De los amaneceres inolvidables y diferentes:   la tonalidad del cielo iba cambiando de azules a morados, rosados y amarillos, naranjas y rojos mezclándose con el colorido de los globos, las llamas avivantes de los globos listas para despegar, el bullicio de las personas llenas de asombro y otras en silencio, contemplando esta magnificencia.

Era grandioso ver como la luz entre nubes, iba llenando el día, y los ojos no eran suficientes para abarcar todos los ángulos y observar desde lo alto estas rocas en formas cónicas que han sido cambiantes a través de los siglos por la lluvia y el viento. 

Nuestro globo tenía una marca especial, Camilo mi hijo viaja con la bandera de Colombia y la ondea cuando quiere mostrarle al mundo que allí hay un corazón colombiano.  Esto nos acerca, nos identifica y hay más de una buena anécdota por este fino detalle.

El tiempo transcurrió demasiado rápido: ¿45 minutos? ¿Una hora? De perplejidad y magia, de cámaras, videos, fotos, suspiros. Cuando, de repente, en un idioma incomprensible, más como un grito, entendemos que debemos ir todos al piso de la canasta del globo: vamos a bajar, a tocar tierra.  Se nos acabó la alegría para pasar a segundos de un choque fuerte contra las rocas y muchos hombres tirando de las cuerdas para tratar de parar el globo y frenarlo.

Al estilo del paleolítico sigue esta atracción turística, ganando mucho dinero y con turistas quejumbrosos porque sufren con su espalda, o sus huesos, si no están en buena posición y buena forma física. Yo ya venía con mi mal del esqueleto.
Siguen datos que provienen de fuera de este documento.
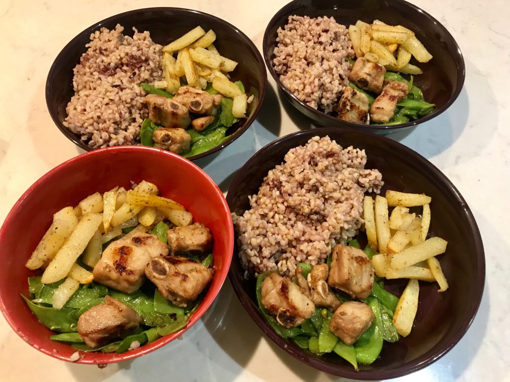Thanks to my friend, I get to know that I can enjoy garlic fries withOUT deep frying them in oil, withOUT air fryer! Besides, 1 box of snow pea is not enough daily veggie supply for 4 people, so I decided to bring out my stock of potato to bring more veggie (and carbs of course) to our meal…!

Y después de esto, mi mente comenzó a jugarme una mala pasada y mi cuerpo aprovechó de la compañía de los hijos fortachones que me ayudaron a seguir conociendo esta misteriosa ciudad subterránea con iglesias y espacios donde convivieron muchas comunidades cristianas.

 Capadocia (Turquía), tiene un encanto único: es mágica, es maravillosa, tanto para los amantes de la naturaleza como para los amantes de la historia. Encierra cuentos de mucha maldad y sufrimiento, pues aquí los cristianos se refugiaron en la persecución de árabes y persas.  Se especializaron en hacer túneles en varios niveles, por donde se filtra el aire y la buena ventilación. Hay algunos túneles que permiten ser visitados por turistas. 

Caminamos, subimos y bajamos calles empedradas, disfrutamos de la fotografía, y de algunas tiendecillas donde compras el típico recuerdo de la ciudad que es catalogada como una de las más bellas de Turquía. 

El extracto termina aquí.